Task instructions:
Taking the entries below, transcribe only the lines starting with the one with "The building’s exterior" and going on through the one with "为推进学习贯彻习近平新时代中", exactly as written, without the pictures.

** Material for the task follows **

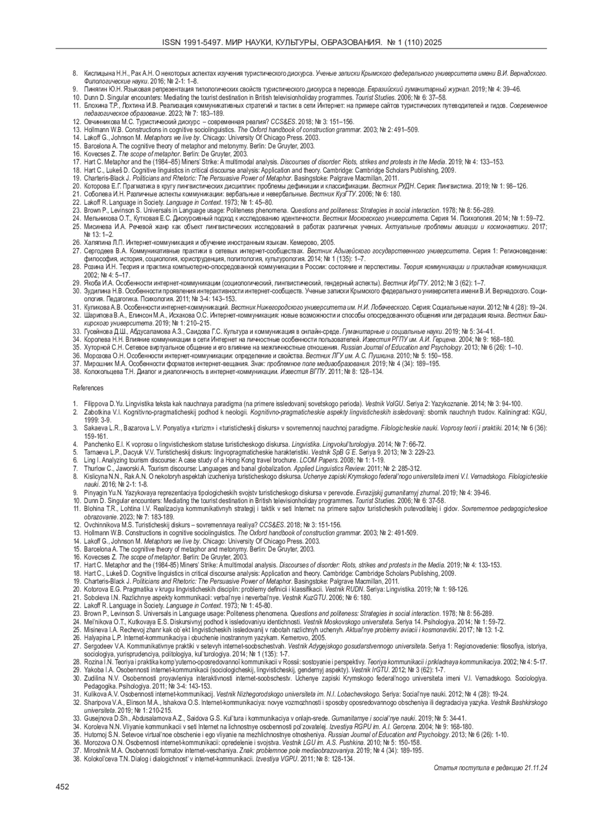 11. Блохина Т.Р., Лохтина И.В. Реализация коммуникативных стратегий и тактик в сети Интернет: на примере сайтов туристических путеводителей и гидов. Современное педагогическое образование. 2023; № 7: 183-189. EDN: ZVSGDZ
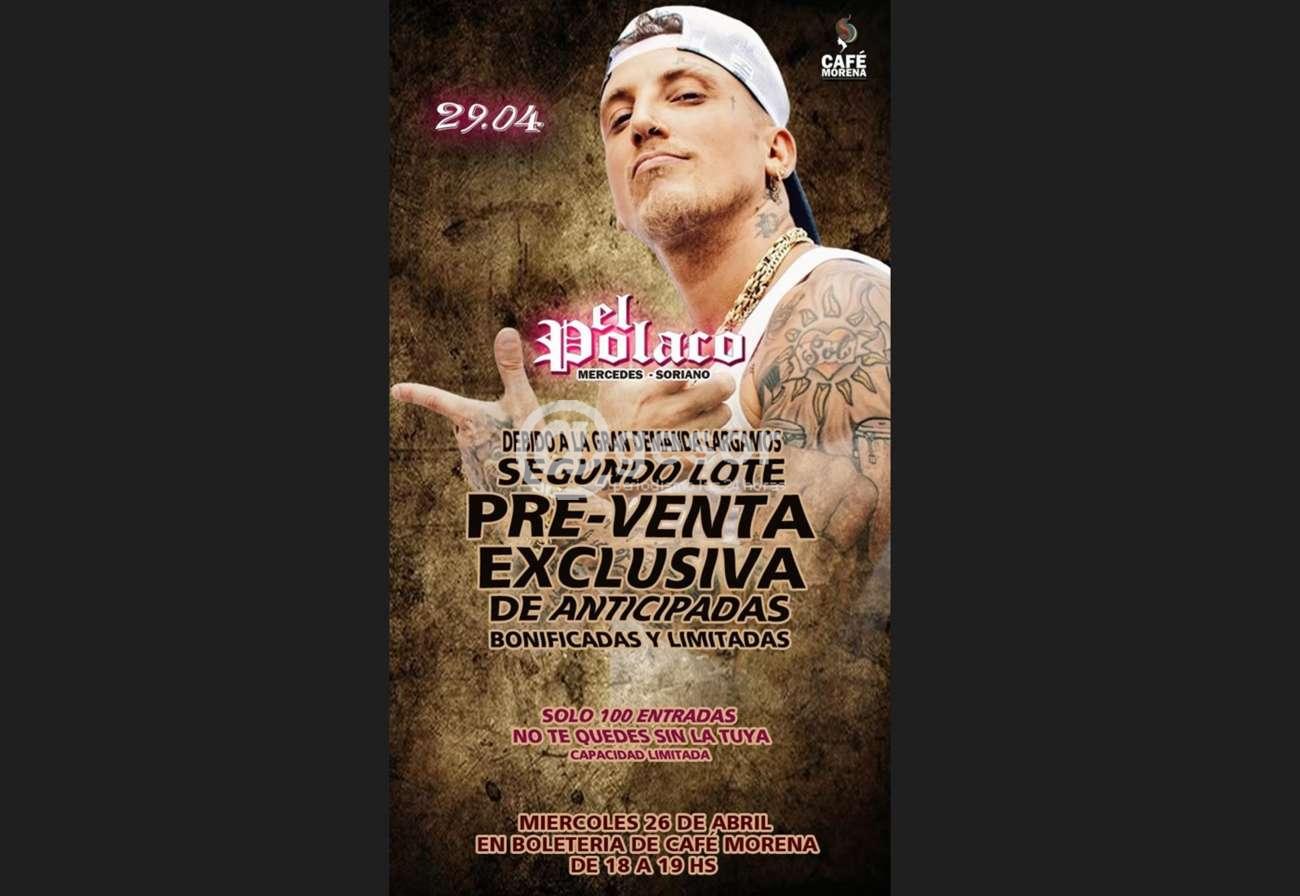 Como adelantáramos, este sábado 29 de abril MERCEDES recibe en CAFE MORENA (Giménez y 28 de Febrero) el show espectacular de EL POLACO!!! Y la organización acaba de comunicar que debido a la gran demanda por ver al artista argentino, se pone a la venta un segundo lote en pre-venta exclusiva de anticipadas bonificadas y limitadas, serán 100 entradas a colocarse en boleterías de CAFE MORENA este miércoles 26 de 18.00 a 19.00 horas. No te quedés sin la tuya!!!
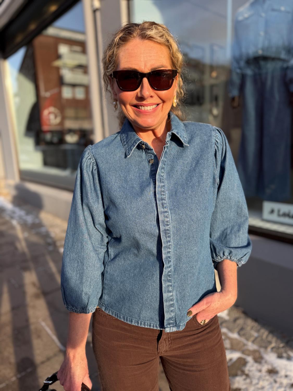 Wandana Denim Blouse fra Neo Noir er en denimbluse med pufferm og krage samt skjult knappestolpe foran. Modellen er 176 cm høy og bruker størrelse 36.
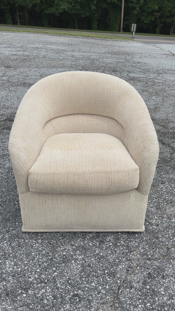 A vintage armchair from the venerable J. Robert Scott showroom is looking to spread her wings and take flight. Super comfortable. Swivel. Perfect for a den or a cozy corner of a living room.
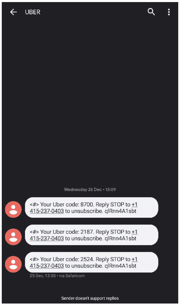 Here is an example of a text opt-out from Uber.
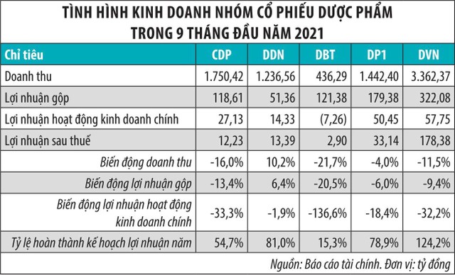 Thực tế, trong 9 tháng đầu năm 2021, 5 công ty dược phẩm có giá cổ phiếu tăng mạnh trong 2 đợt sóng đều có tình hình kinh doanh đi xuống. Cụ thể, doanh thu trung bình giảm 8,6%, lợi nhuận hoạt động kinh doanh chính (lợi nhuận gộp - chi phí bán hàng và quản lý doanh nghiệp) giảm trung bình 44,5% so với cùng kỳ năm 2020.
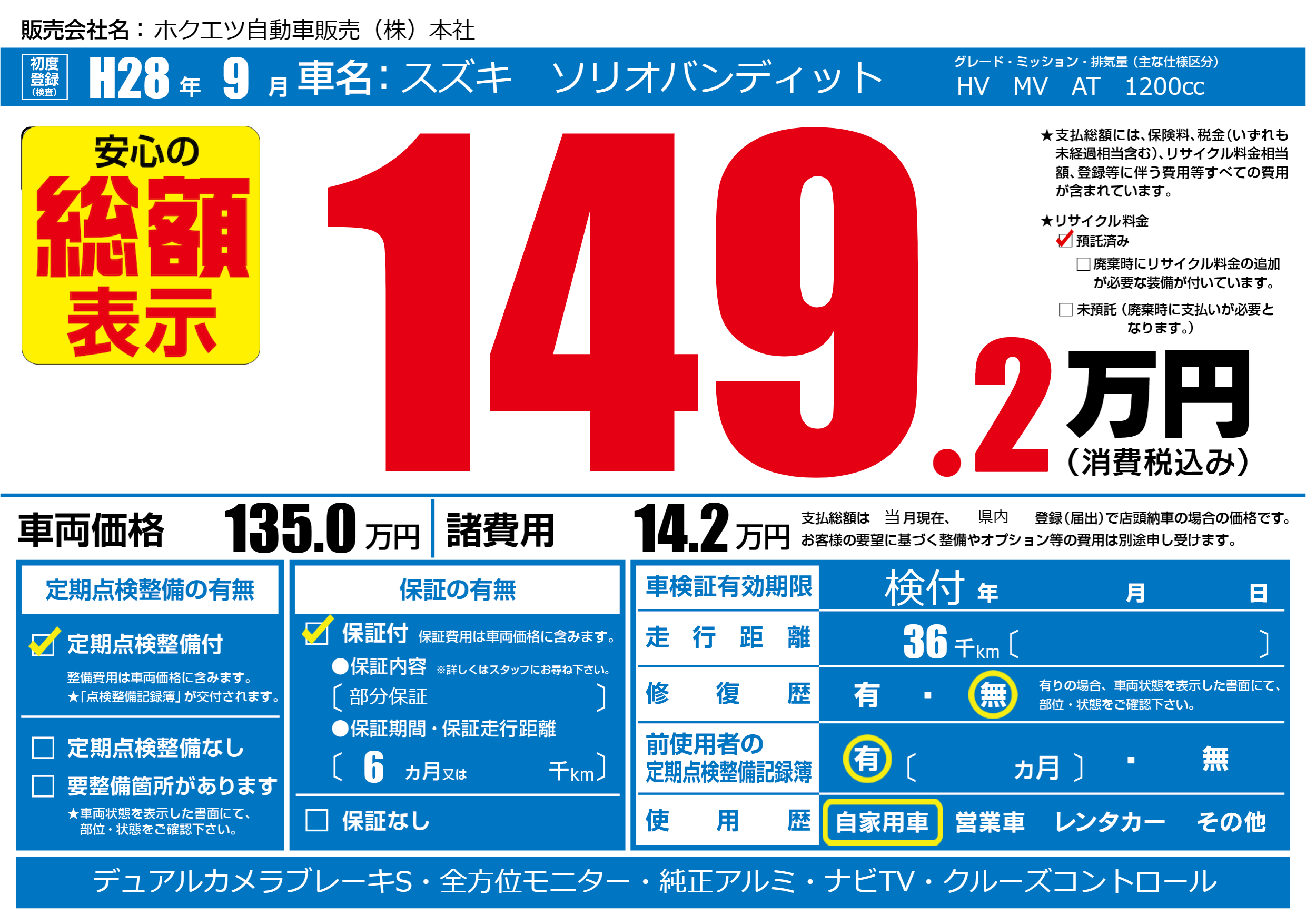 | 車名 | スズキ ソリオバンディット | グレード ミッション 排気量 |
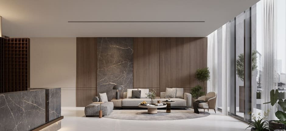 The building’s exterior is sleek, reflecting the urban sophistication of Dubai’s rapidly evolving skyline. Beyond aesthetics, the project integrates modern construction solutions to enhance energy efficiency, soundproofing, and security.
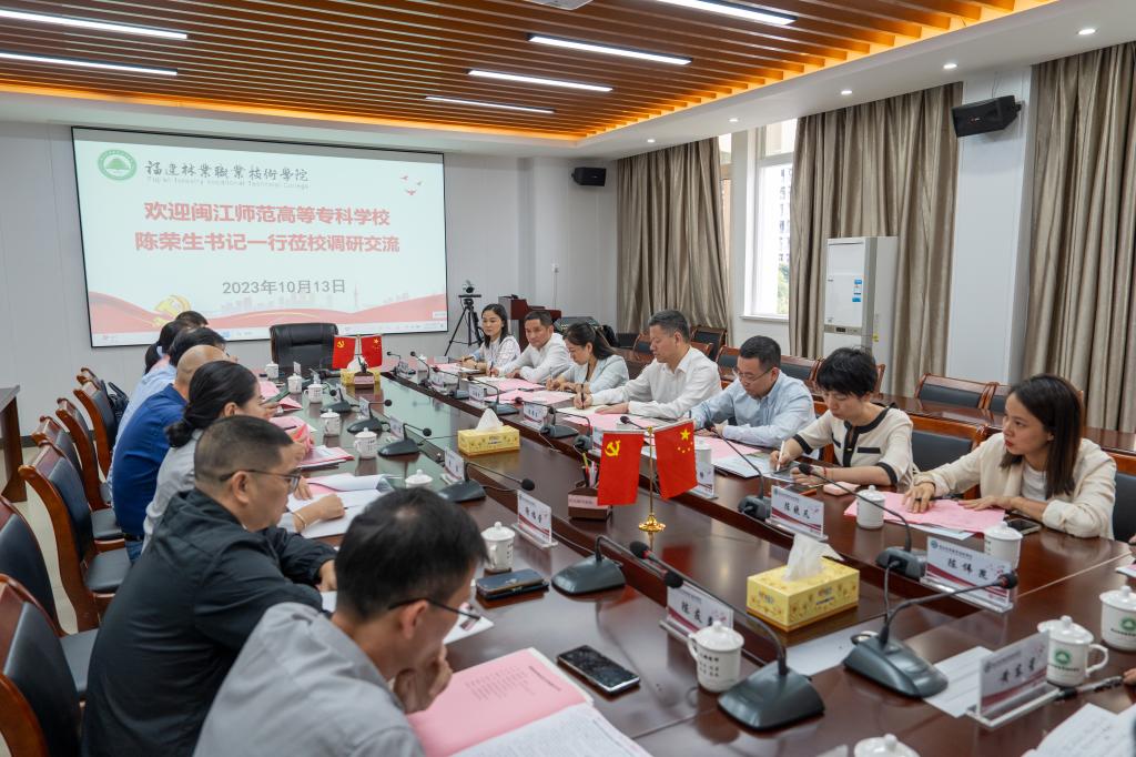 为推进学习贯彻习近平新时代中国特色社会主义思想主题教育走深走实,推动解决大赢家体育app下载党建、就业等工作存在的薄弱点,10月13日,学校党委书记陈荣生带队走进闽北职业技术学院、福建林业职业技术学院学习调研兄弟院校先进办学经验。副校长谢敏峰,党政办公室、组织部、宣传统战部、纪检监察审计室、学生处、外语商贸学院有关同志参加调研。
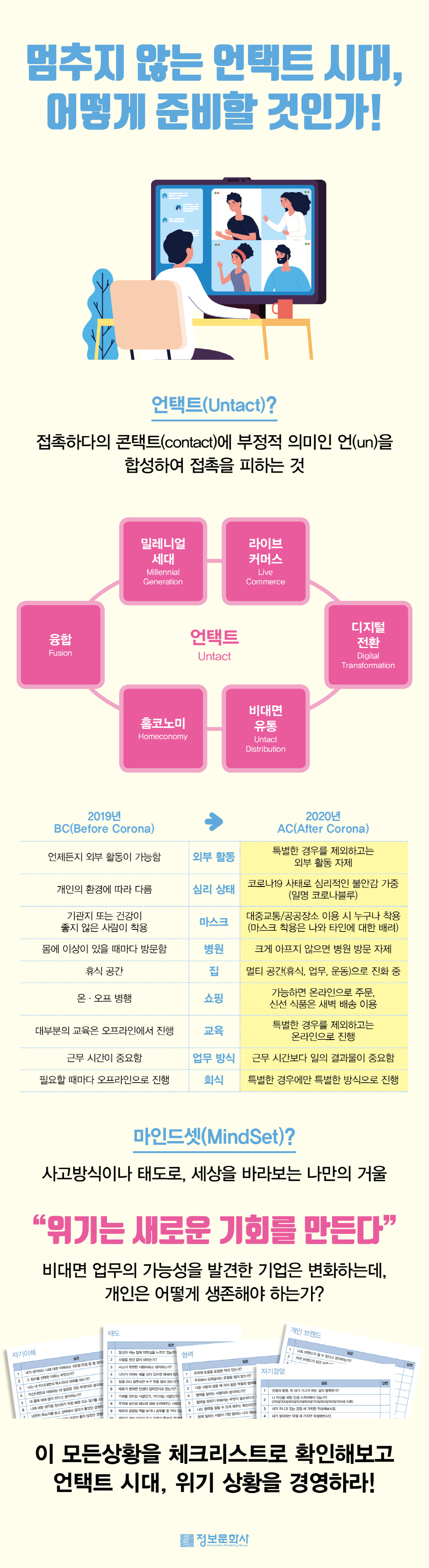 »ç¶÷°úÀÇ Á¢Ã˸¸À¸·Îµµ °¨¿°ÀÌ µÇ´Â Äڷγª ½Ã´ë°¡ ¹Ý³âÀÌ Áö³ª°¡°í ÀÖ´Ù. ±×¿Í ÇÔ²² »ç¶÷ »çÀÌÀÇ Á÷Á¢Àû Á¢ÃËÀ» ÃÖ¼ÒÈÇÏ´Â ¾ðÅÃÆ® ½Ã´ë°¡ ¿Â °ÍÀÌ´Ù. ÀÌ´Â ÀǽÄÁÖ´Â ¹°·ÐÀÌ°í ¶óÀÌÇÁ ½ºÅ¸Àϰú »îÀÇ ¹æ½ÄÀ» ¸Å¿ì ´Ù¾çÇÏ°Ô º¯È½ÃÄ×´Ù. ÀÌ·¸°Ô º¯ÈµÇ´Â ¼¼»ó¿¡¼ »ì¾Æ³²±â À§ÇØ ³ª´Â ¹«¾ùÀ» ÇØ¾ß ÇÒ±î? Àͼ÷Çß´ø °Íµé°ú °©ÀÛ½º·¯¿î À̺°, ±×¸®°í ³¸¼± °Í¿¡ ´ëÇÑ ÀûÀÀÀÌ °³ÀλӸ¸ ¾Æ´Ï¶ó Áö¿ª »çȸ¿Í °øµ¿Ã¼¸¦ ¸ðµÎ Èçµé¾î ³õ¾Ò´Ù. ±× È¥¶õ½º·¯¿ò ¼Ó¿¡¼ °³ÀÎÀÇ ¸¶Àεå¼ÂºÎÅÍ ±â¾÷ °æ¿µ Ȱµ¿±îÁö ´Ù¾çÇÑ ½ÃÇàÂø¿À¿Í Äڷγª ȯ°æ¿¡ ½½±â·Ó°Ô ´ëÀÀÇÏ´Â ¹æ¹ýÀ» ¾È³»Çϰí ÀÖ´Ù. ½±°Ô ³ª ÀÚ½ÅÀ¸·Î ½ÃÀÛÇØ À̽´°¡ µÇ°í ÀÖ´Â ´Ù¾çÇÑ Å°¿öµåµé±îÁö ¼Ò°³ÇÏ¸é¼ Á¶±Ý¾¿ ´Þ¶óÁ® °¡´Â ´ëÇѹα¹¿¡¼ °ú°Å¸¦ µó°í ¾ÕÀ¸·Î ³ª¾Æ°¡±â À§ÇÑ Áغñ¸¦ ÇÒ ¶§ÀÓÀ» º¸¿©ÁØ´Ù. ±×¸®°í °¢ ÆÄÆ®º° Æ÷ÇÔµÈ Ã¼Å©¸®½ºÆ®¸¦ Ȱ¿ëÇÏ¿© º»ÀÎÀÇ À§Ä¡³ª »óȲÀÌ ¾î´À Á¤µµÀÓÀ» Èï¹Ì·Ó°Ô È®ÀÎÇØ º¼ ¼ö ÀÖ´Ù.

** End of Material for the task **

Response to this task:
 The building’s exterior is sleek, reflecting the urban sophistication of Dubai’s rapidly evolving skyline. Beyond aesthetics, the project integrates modern construction solutions to enhance energy efficiency, soundproofing, and security.
 为推进学习贯彻习近平新时代中国特色社会主义思想主题教育走深走实,推动解决大赢家体育app下载党建、就业等工作存在的薄弱点,10月13日,学校党委书记陈荣生带队走进闽北职业技术学院、福建林业职业技术学院学习调研兄弟院校先进办学经验。副校长谢敏峰,党政办公室、组织部、宣传统战部、纪检监察审计室、学生处、外语商贸学院有关同志参加调研。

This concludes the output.